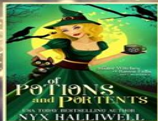
SISTER WITCHES OF RAVEN FALLS
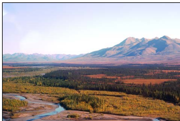
Aerial view of Eli River drainage in Noatak National Preserve during peak fall colors.
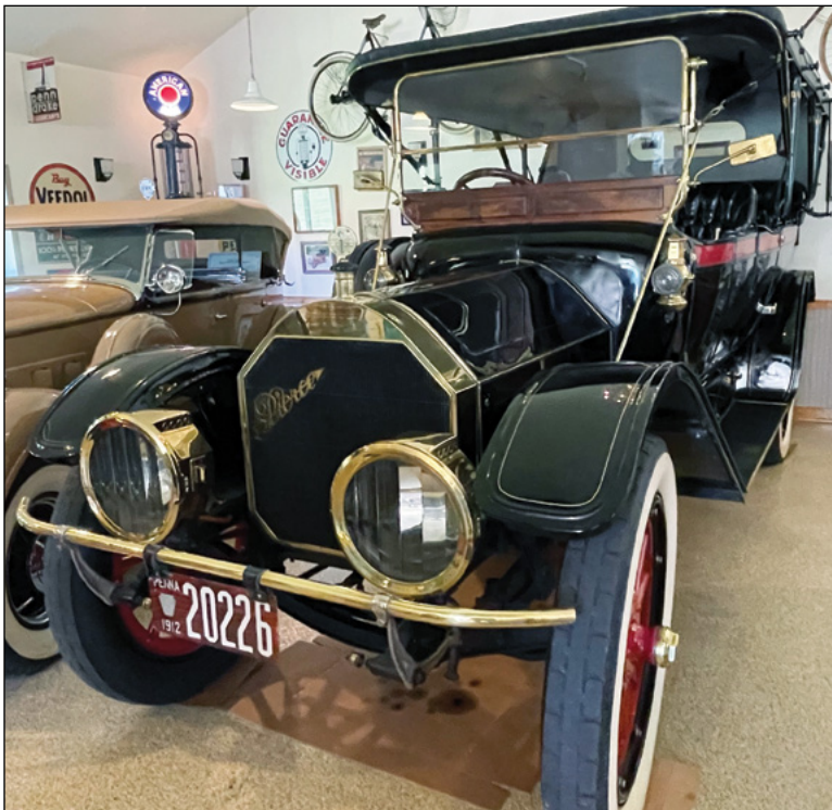
1912 Pierce/Arrow 7 Passenger Touring
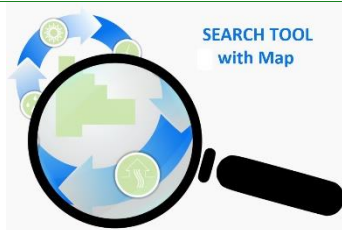
Search for recycling and disposal options on willcountygreen.com
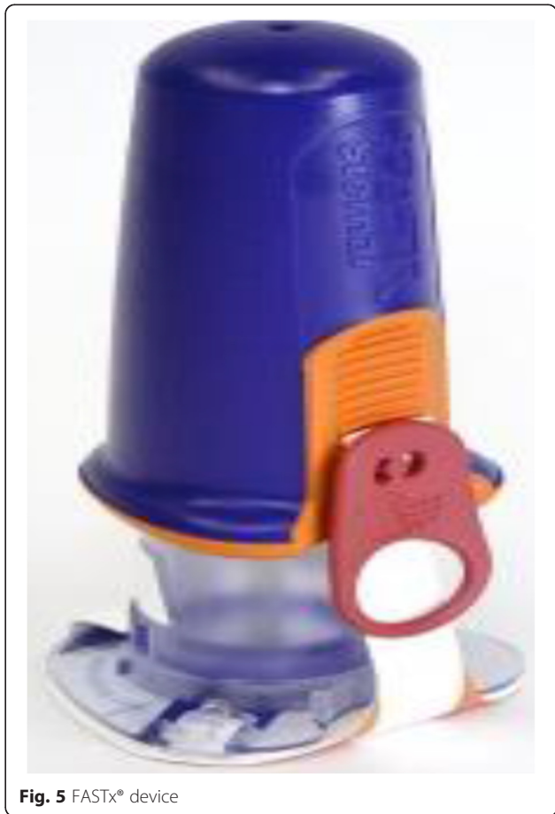
Fig. 5 FASTx® device
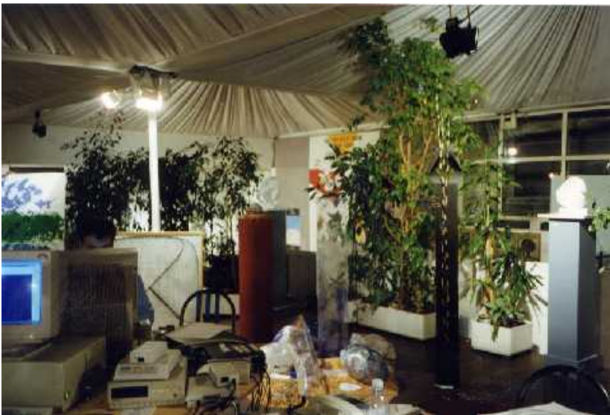
Roof Garden, Palazzo dell'Esposizioni, Rome 1996

Prompt: Return the lines from the one containing "Aerial view of" through the last line of the records, both included, exactly as written and with no pictures.

Exercise answer:
Aerial view of Eli River drainage in Noatak National Preserve during peak fall colors.
1912 Pierce/Arrow 7 Passenger Touring
Search for recycling and disposal options on willcountygreen.com
Fig. 5 FASTx® device
Roof Garden, Palazzo dell'Esposizioni, Rome 1996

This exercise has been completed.